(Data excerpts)
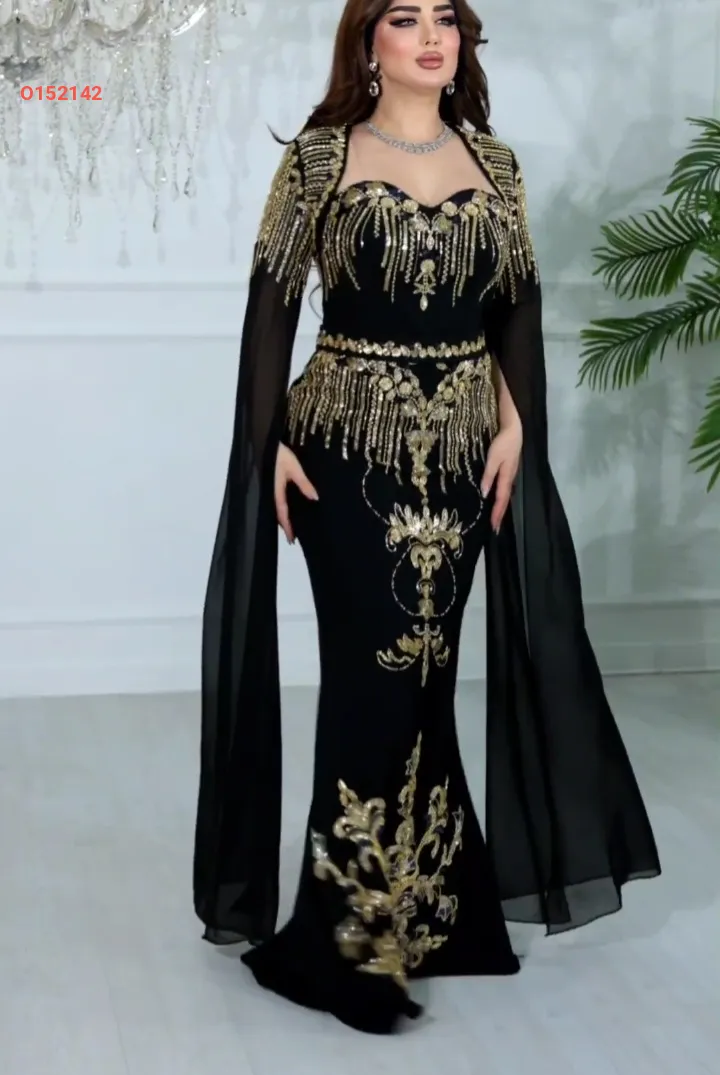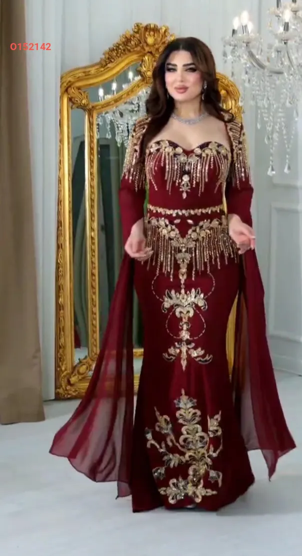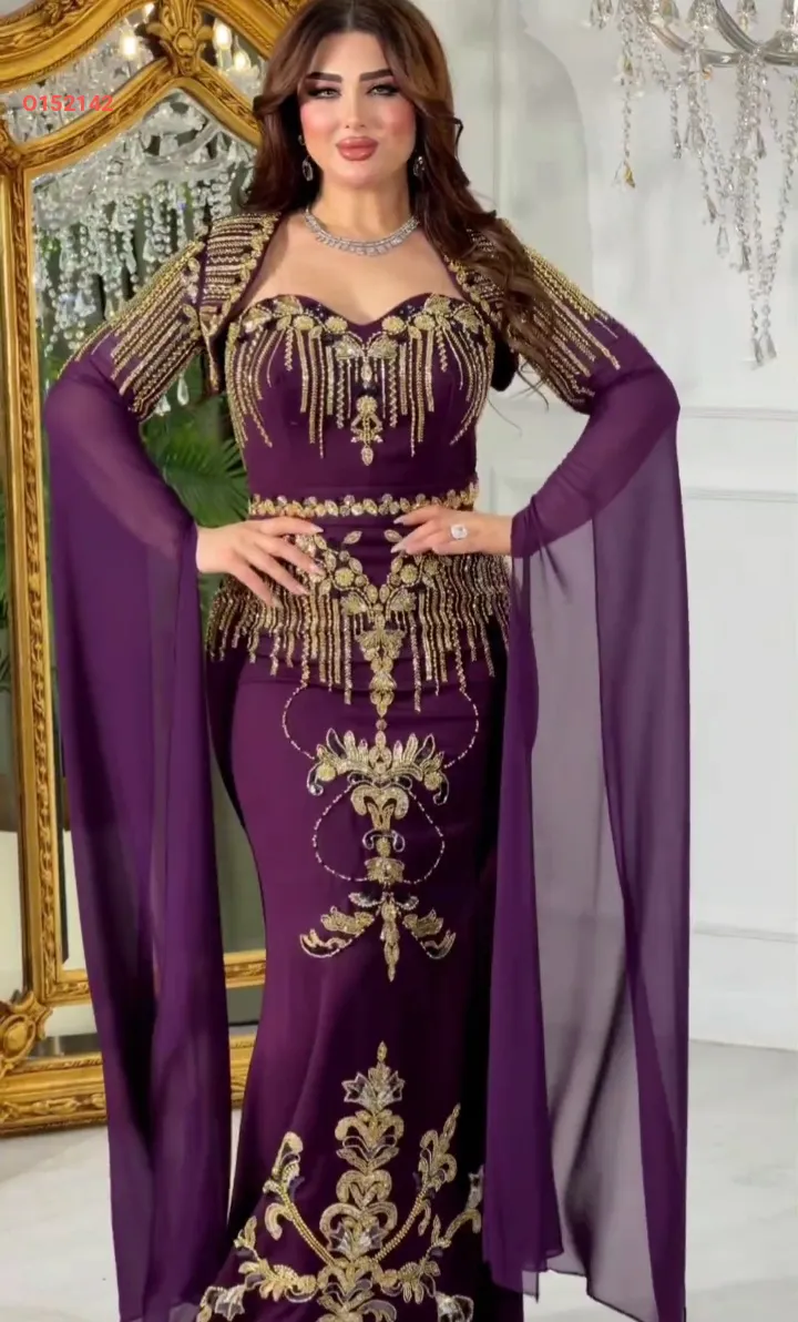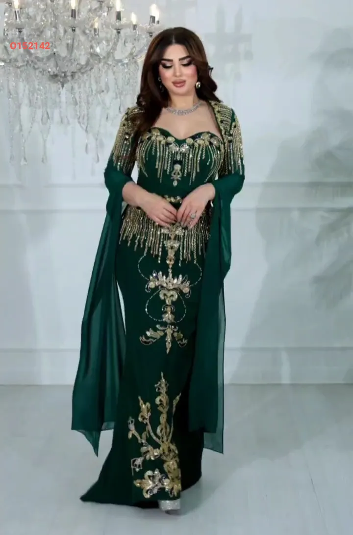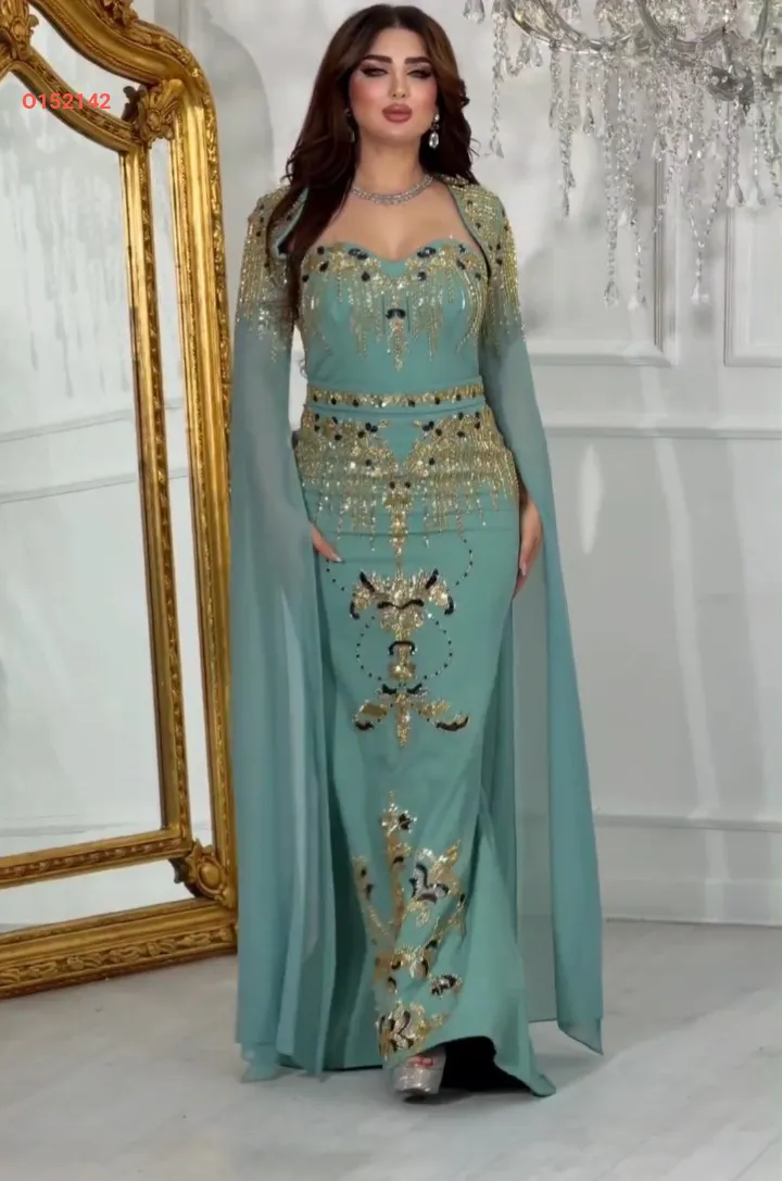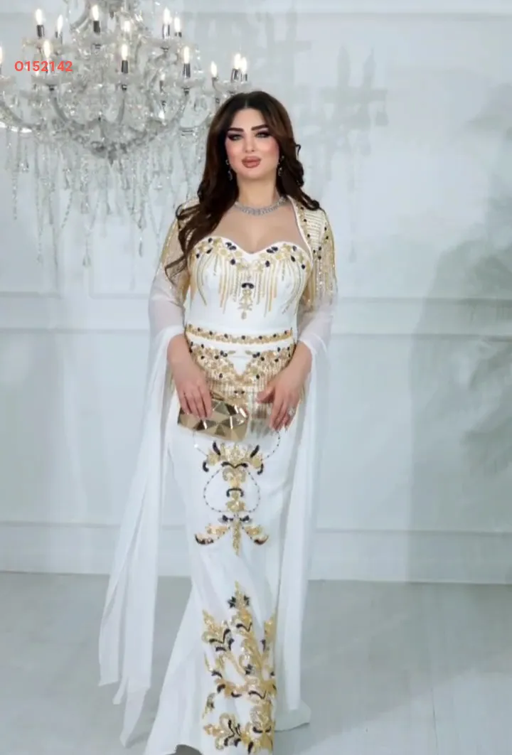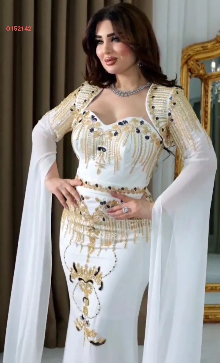 فستان سهرة مطرز مع بوليرو بأكمام شيفون
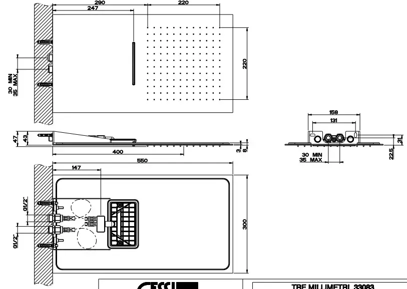 Gessi Tremillimetri Верхний душ QUADRO 30х55см., настенный, 2 режима: тропический ливень, водопад, цвет: Black Metal Brushed PVD
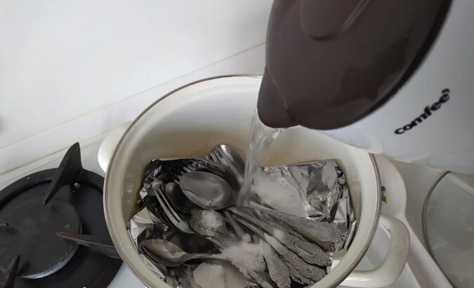 No i oczywiście sztućce – łyżki, widelce, noże. Jak czyścić łyżki i widelce wykonane ze stali nierdzewnej. Potrzebujemy świeżo ugotowanej wody (od 1 do 1,5 litra). Potrzebny jest głębokie naczynie. Dno garnka wyścielamy 1 warstwą folii, następnie kładziemy na niej nasze sztućce i wsypujemy po 1 łyżce soli i sody. Prawdę mówiąc nie mam pojęcia jaką rolę odgrywa folia w tej metodzie, ale bez niej ona nie działa.
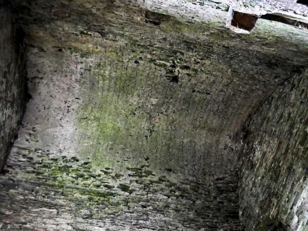 And yes, the interior – let’s go back inside the castle (see Part 1 for the exterior). Before we leave the level under the vault, let’s take a look at the interior render, still in place on the walls. It’s a reminder that those walls would have been lime-rendered in white, which would really have helped with visibility inside.
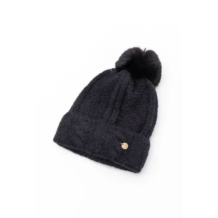Γυναικείος σκούφος από ακρυλικό μοχέρ με ιδιαίτερη πλέξη και πλεξούδες στο ρεβέρ του. Επένδυση από ζεστή ακρυλική γούνα.
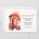 This watercolor moving home announcement features a rustic door surrounded by leaves and pumpkins. This is perfect for autumn fall.
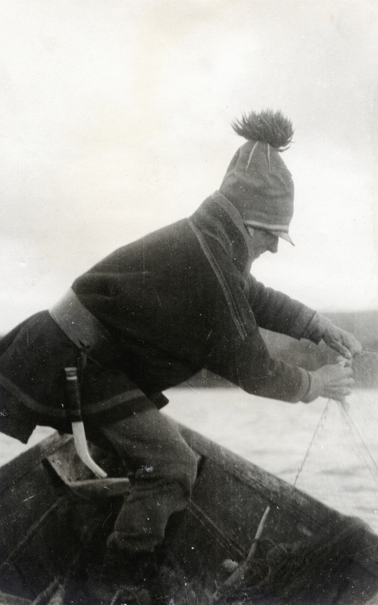 Anders Saitun tar upp nät i Tjuonajokk, Norrkaitum, Gällivare socken, Lappland.
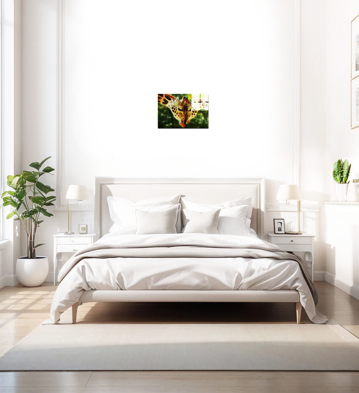 Giraffes are extremely affectionate animals with one another, partners tend to spend almost 24 hours a day together; the male leaves the female to feed at night, but otherwise they stay side by side. As such, these animals are commonly referred to as "romantic partners." In this stunning print, two giraffes tenderly touch heads in a loving parental embrace.
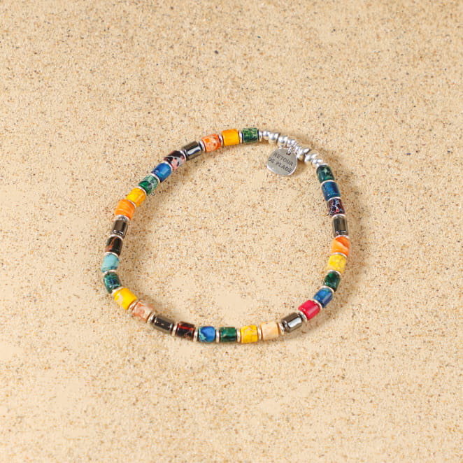 Apportez une touche de couleur et d’originalité à votre style avec Amazonie, notre bracelet pour homme en perles naturelles. Ce bijou unique associe élégamment l'éclat argenté de l’hématite à la richesse naturelle du jaspe, dans un design multicolore inspiré des teintes vibrantes de la forêt tropicale.

**Problem to solve**. Ignoring the pictures, write out word for word only the lines from the one containing "This watercolor moving" through the last line of the data, both ends included.

**Task result**.
 This watercolor moving home announcement features a rustic door surrounded by leaves and pumpkins. This is perfect for autumn fall.
 Anders Saitun tar upp nät i Tjuonajokk, Norrkaitum, Gällivare socken, Lappland.
 Giraffes are extremely affectionate animals with one another, partners tend to spend almost 24 hours a day together; the male leaves the female to feed at night, but otherwise they stay side by side. As such, these animals are commonly referred to as "romantic partners." In this stunning print, two giraffes tenderly touch heads in a loving parental embrace.
 Apportez une touche de couleur et d’originalité à votre style avec Amazonie, notre bracelet pour homme en perles naturelles. Ce bijou unique associe élégamment l'éclat argenté de l’hématite à la richesse naturelle du jaspe, dans un design multicolore inspiré des teintes vibrantes de la forêt tropicale.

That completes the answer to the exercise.